Background: Postoperative urinary retention (POUR) was reported as a common complication in patients undergoing primary total knee arthroplasty (pTKA), but descriptions of its prevalence and negative outcomes vary widely and remain inadequately studied.

Methods: A retrospective cohort study was conducted using the National Inpatient Sample database from 2005 to 2014. The annual incidence, baseline characteristics, and inpatient outcomes of POUR after pTKA were recorded. Logistic regression analysis was performed to estimate potential predictors of POUR. Statistical significance was defined as P < 0.01.

Results: A total of 1,228,621 patients undergoing pTKA were identified. The incidence of POUR after pTKA is increasing annually from 2005 (1.51%, 95%CI 1.44-1.59%) to 2014 (2.29%, 95%CI 2.21-2.37%), and the cumulative incidence of POUR was 1.91% (95%CI 1.89-1.93%). POUR was significantly associated with higher Charlson Comorbidity Index and Elixhauser Comorbidity Index scores, and higher medical costs. In patients experiencing pTKA, the Top 5 most significant risk factors for developing POUR were male gender (odds ratio [OR] = 3.40; 95% confidence interval [CI] 3.30-3.51; P < 0.0001), fluid and electrolyte disorders (OR = 2.02; 95% CI 1.94-2.10; P < 0.0001), age over 60 (OR = 1.97; 95% CI 1.89-2.05; P < 0.0001), paralysis (OR = 1.78; 95% CI 1.46-2.17; P < 0.0001), and psychoses (OR = 1.57; 95% CI 1.43-1.72; P < 0.0001). Although POUR did not result in higher inpatient mortality (0.1% vs. 0.07%, P = 0.1242), it may be associated with the occurrence of other complications such as acute myocardial infarction (0.42% vs. 0.20%, P < 0.0001), pulmonary embolism and infarction (0.80% vs. 0.42%, P < 0.0001), acute renal failure (6.06% vs. 1.49%, P < 0.0001), deep venous thrombosis (0.71% vs. 0.45%, P < 0.0001), acute posthemorrhagic anemia (28.89% vs. 19.45%, P < 0.0001), and infection (0.29% vs. 0.15%, P < 0.0001).

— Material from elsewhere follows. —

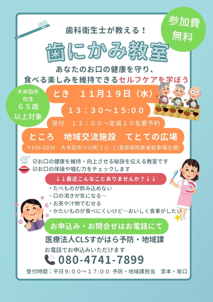 2025年11月19日、菅原病院では「歯にかみ教室」を開催いたします。対象は大牟田市在住の65歳以上の方です。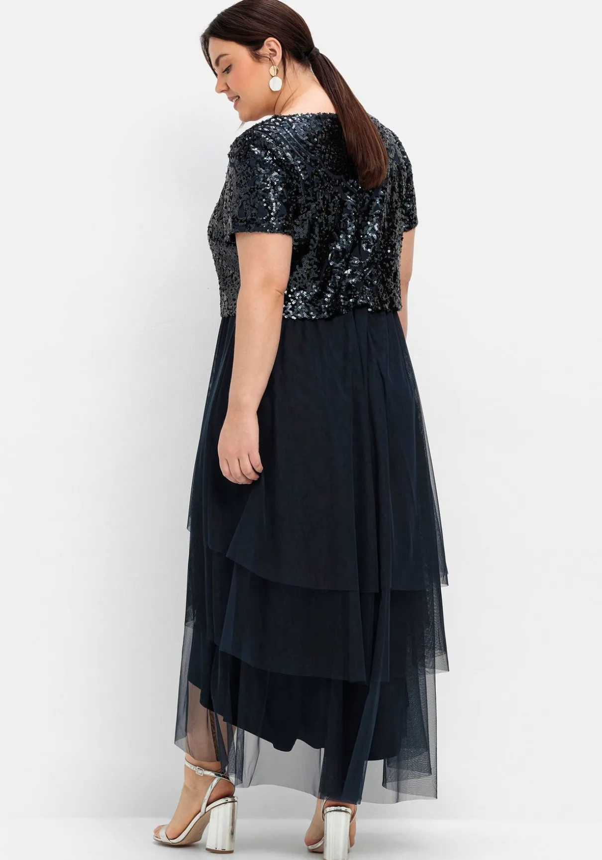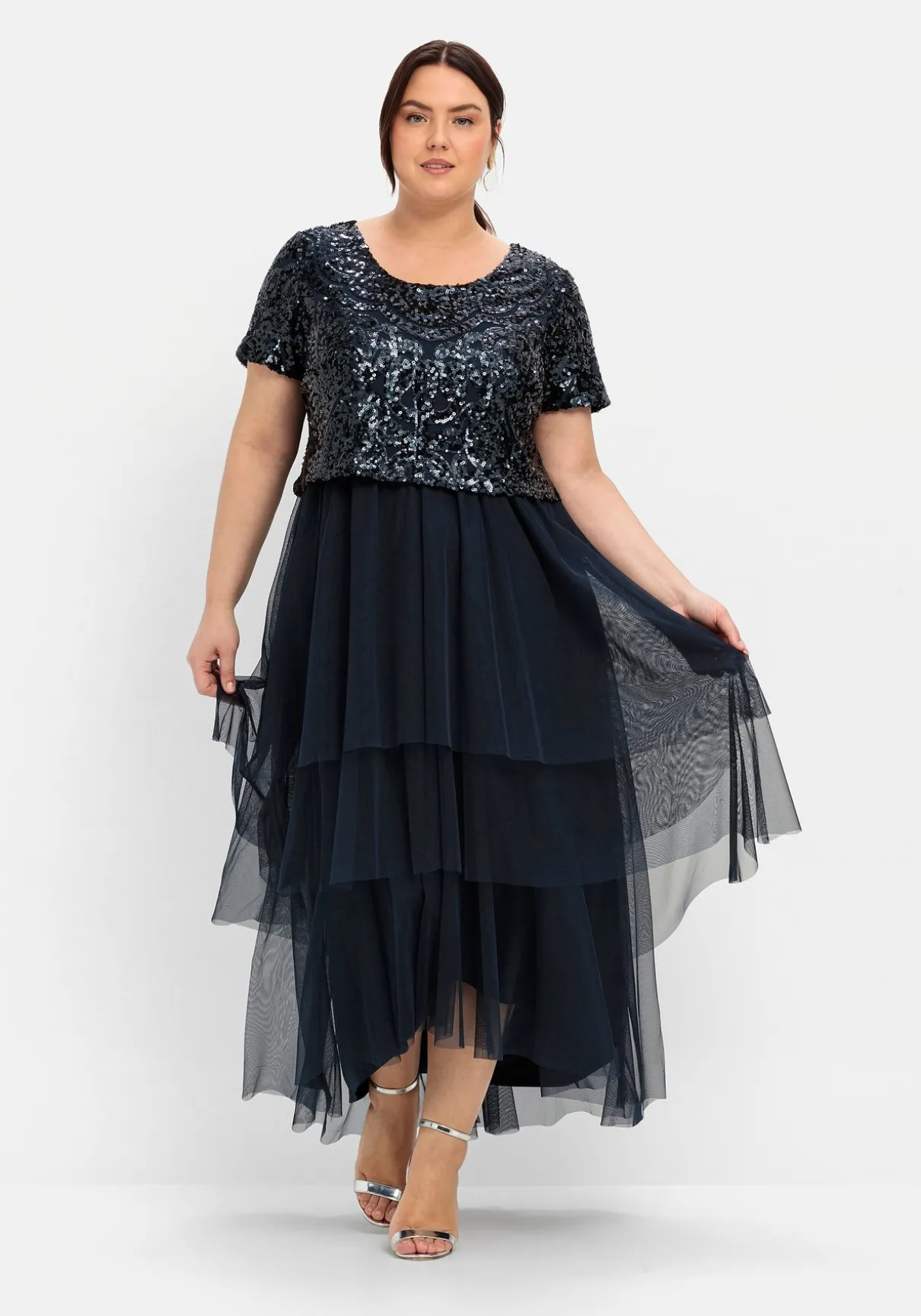Abendkleid in Maxilänge. Besondere Raffinesse erhält das Kleid durch das lose fallende, festlich glitzernde Paillettenoberteil. Daran schließt sich ein transparenter Rock an, der durch die Lagen wunderbar luftig fällt. Hinten besitzt das Kleid einen nahtfeinen Reißverschluss, das Unterkleid macht den Look blickdicht.

Conclusions: Although POUR has no effect on inpatient mortality, our large-scale national study provides new insights that it increases postoperative complications and impairs clinical outcomes. Given the increasing incidence of POUR, early identification of high-risk patients, particularly those with identified comorbidities, should be prioritized. Preventive strategies, such as optimized perioperative fluid management, may help mitigate the risk of POUR. Future research should focus on developing preventive strategies to mitigate its impact.

原发性全膝关节置换术患者术后尿潴留的发生率、结局和危险因素:一项全国住院患者样本数据库研究
背景:据报道,术后尿潴留(POUR)是原发性全膝关节置换术(pTKA)患者的常见并发症,但对其患病率和负面结果的描述差异很大,研究仍不充分。方法:采用2005 - 2014年全国住院患者样本数据库进行回顾性队列研究。记录pTKA后POUR的年发病率、基线特征和住院结果。采用Logistic回归分析估计POUR的潜在预测因素。结果:共有1,228,621例患者接受pTKA。从2005年(1.51%,95%CI 1.44 ~ 1.59%)到2014年(2.29%,95%CI 2.21 ~ 2.37%), pTKA术后POUR的发生率呈逐年上升趋势,累计发生率为1.91% (95%CI 1.89 ~ 1.93%)。POUR与较高的Charlson合并症指数和Elixhauser合并症指数得分及较高的医疗费用显著相关。在经历pTKA的患者中,发生POUR的前5个最重要的危险因素是男性(优势比[OR] = 3.40;95%置信区间[CI] 3.30-3.51;结论:虽然POUR对住院病人死亡率没有影响,但我们大规模的全国性研究提供了新的见解,即它增加了术后并发症并损害了临床结果。鉴于POUR发病率的增加,早期识别高危患者,特别是那些已确定的合并症,应优先考虑。预防策略,如优化围手术期液体管理,可能有助于减轻POUR的风险。未来的研究应侧重于制定预防战略以减轻其影响。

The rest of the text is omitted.